The title is Sherlock Holmes: A Game of Shadows, and indeed, it’s all about the shadowy arts of cleverness and deception. This is to be expected when you have an adversarial relationship between two supremely intelligent men. I am, of course, referring to detective-for-hire Sherlock Holmes (Robert Downey, Jr.) and Professor Moriarty (Jared Harris), both engaged in a deadly battle of wits in 1891 Europe. They’re each faced with the monumental task of being one step ahead of the other, which requires a thought process and an attention to detail that most would consider inhuman. For Holmes, it comes as second nature. We’ve once already seen his ability to make highly accurate deductions simply by analyzing the little things most people take no notice of. He finally admits that he notices absolutely everything, and that it’s just as much a curse as it is a blessing.
A Game of Shadows is, naturally, a sequel to the 2009 blockbuster Sherlock Holmes. Both films are directed by Guy Ritchie, allowing for some rather interesting spins on the original stories and novels by Sir Arthur Conan Doyle. For these reboots, the title character is a bit more bohemian, the plots are a bit more action-oriented, and the special effects are a bit more showy and expensive. Ritchie turns up the volume in A Game of Shadows with a story intended to be funnier, trickier, and literally more explosive than its predecessor. That it’s a great deal of fun, there can be absolutely no question. One wonders, though, if some audiences will find the plot a little difficult to follow, as it works in twists, turns, and misdirection the way artists work in oils or acrylics.

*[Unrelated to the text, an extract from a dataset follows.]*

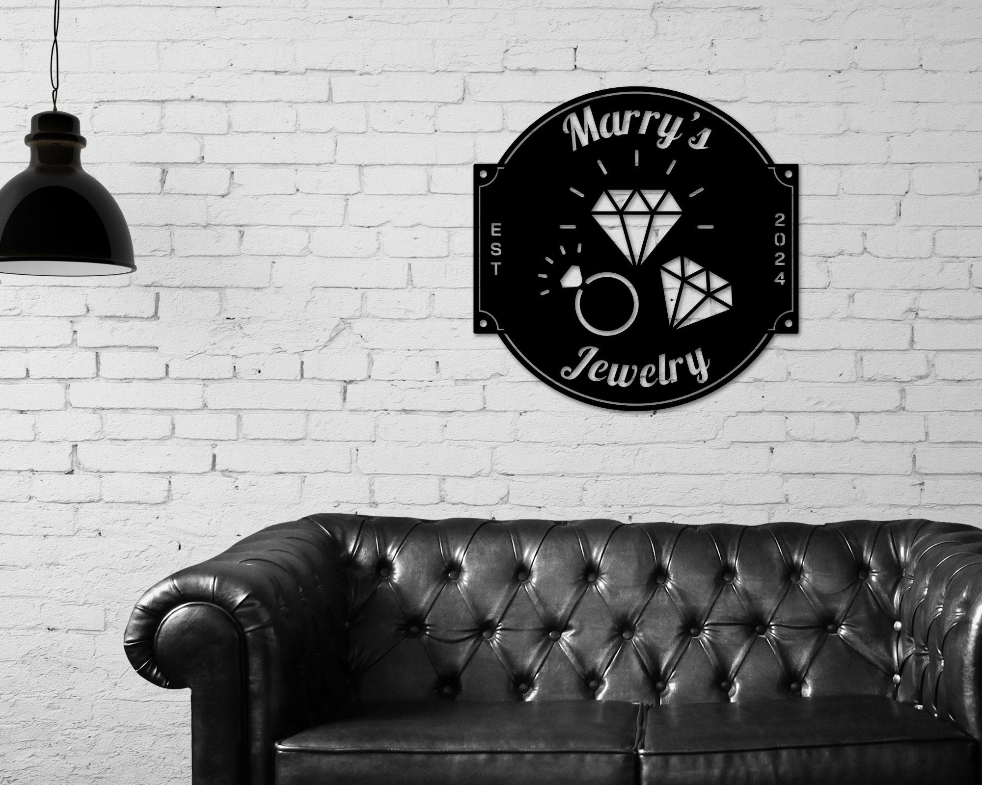 Jewelry Shop Sign, Personalized Jeweler Sign, Gift for Jeweler, Jewelry Shop Decor, Jewelry Business Sign, Personalized Jewelry Metal Sign ‐ Black / 12 inches

The first film brought full attention to some of the quirky mannerisms Doyle created for Holmes, including his hyper analytical thinking skills (which some contemporary scholars convincingly attribute to Asperger’s syndrome), his affinity for bare-knuckle boxing and martial arts, and his inelegant style of dress. This new film draws on other quirks, most notably his ability to disguise himself and his occasional use of cocaine. Ritchie and screenwriters Kieran and Michele Mulroney take it one step further – in one scene, he downs a glass full of formaldehyde. I have absolutely no idea what that does to a living body, but I suppose it doesn’t really matter. His 221B Baker Street flat continues to be the center of his eccentric behaviors; in this particular case, we see he has filled it with jungle foliage and specific types of animals. He continues to perform strange experiments on Watson’s dog, and they always do less harm than they probably would in real life.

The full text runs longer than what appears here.